Yes, TFOCS can handle this. You have two options:
- include the f(x)=\|Ax-b\|_2^2 term in the smooth part. You express worry that
tfocs_SCD.m
cannot handle gradients with an affine term. It’s true that we don’t include a specific method to generally handle affine terms, but that doesn’t mean you can’t do it (unlike the projections, there’s no benefit for us explicitly handling it). So you can either
– write your own function that computes \nabla f(x), which is very easy since it’s just \nabla f(x) = A^T( Ax-b), or…
– use our pre-built function smooth_quad.m
which does this for you (and handles affine terms). This is my recommendation. To use smooth_quad
, we don’t separate out “A” and “b” the same way we did for projections, rather we use it like:
smooth_op = smooth_quad( A'*A, -2*A'*b, b'*b );
[x , out] = tfocs_SCD(smooth_op, {B, 0}, prox_linf, mu ,[] ,[] , opt)
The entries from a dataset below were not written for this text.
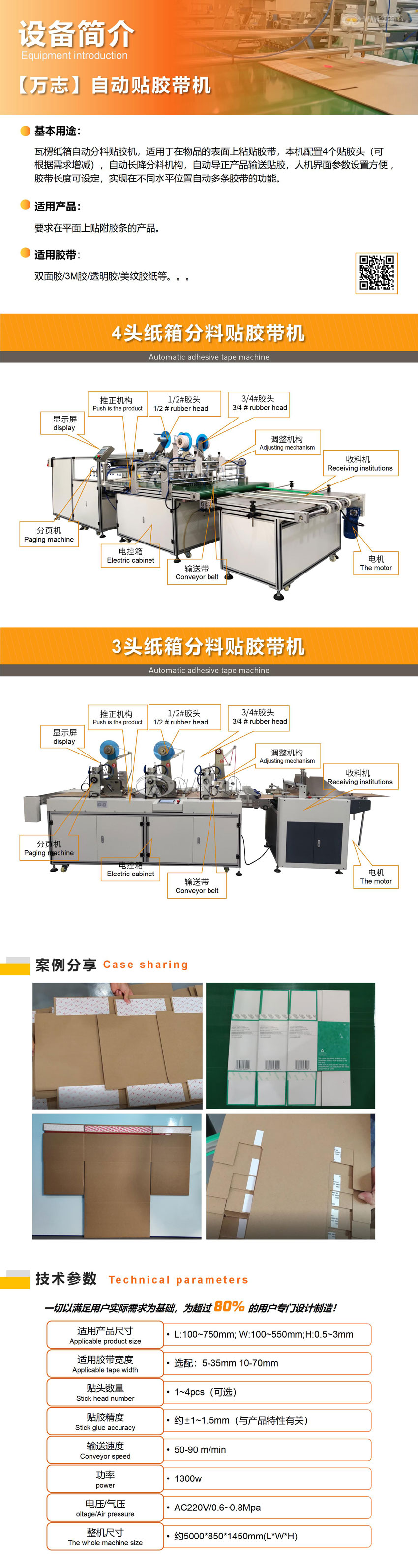 基(jī)本用途 全自(zì)動紙箱貼雙麵膠/透明膠機本機型主要(yào)用於各類紙箱、紙卡等印(yìn)刷品表(biǎo)麵(miàn)自動切斷、粘貼雙麵膠帶或透明膠帶。配(pèi)置2個貼膠頭,實現輸送方向同時貼2條膠帶,貼(tiē)合長度可任意設定;貼膠頭(tóu)可根據用戶需求選配;設備可選(xuǎn)自動分(fèn)料/收料機構,工作效率(lǜ)約50-90m/min(效率與產品尺寸有關);
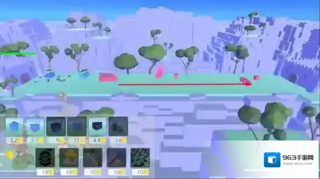2、“布置建筑”,选择建筑类型(如蓝色、粉色建筑 ),放置在方块地形,覆盖敌人路径。
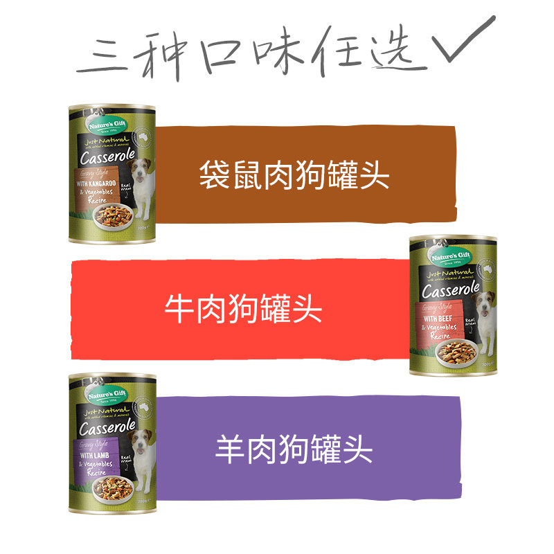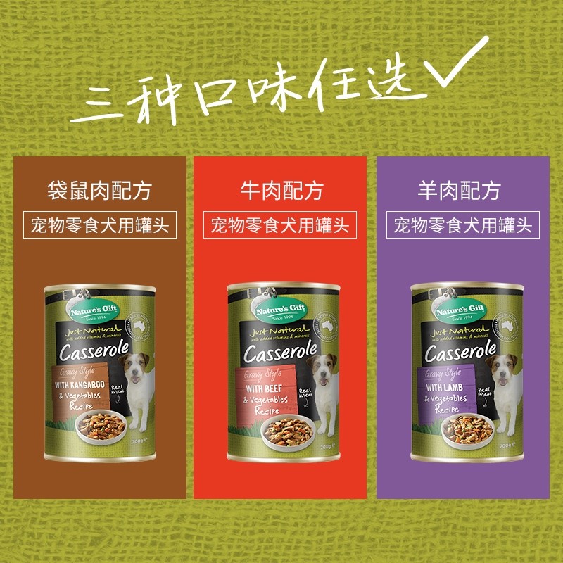 Beef and vegetables (700g*4 cans) Lamb and vegetables (700g*4 cans) Kangaroo meat and vegetables (700g*4 cans)
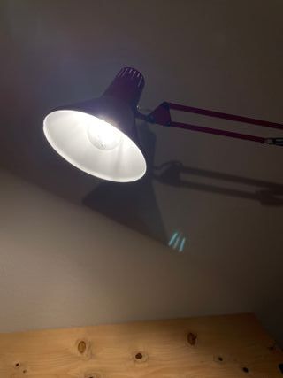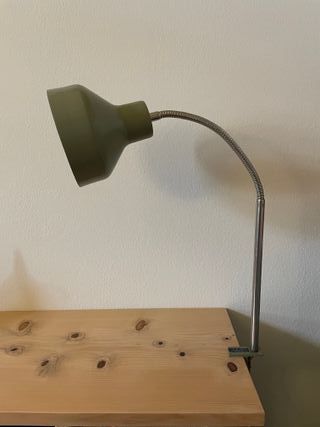 Lampada da scrivania snodabile vintage anni 60'-'70 in stile industrial colore grigio-verde. Morsetto per fissaggio a scrivania, Braccio in metallo fisso nella prima parte e flessibile nella seconda parte. Tutto perfettamente funzionante e originale Qualche segno del tempo sul paralume, ma sono garanzia dell’autenticità dell’oggetto.

The smoothing term \mu\|x-x_0\|_2^2 is added to smooth_op
automatically.
- you could use the quadratic term as a proximal term if you wished, since we can compute the proximity operator of a quadratic, but it is likely that this approach will be a bit slower than taking advantage of its smoothness and using derivatives
Update, in response to question 703)
I misspoke earlier: while tfocs.m
takes advantage of smooth terms, tfocs_SCD.m
does not. But we can still solve the problem. As mentioned in the question, we can solve
\min \,\beta\|B x\|_1 \;\mathrm{such\,that}\; \|Ax - b\|_2 \le \epsilon
using solver_sBPDN_W.m
, which in turn calls TFOCS in the following fashion:
tfocs_SCD( [], { A, -b; W, 0 }, prox, mu, x0,...)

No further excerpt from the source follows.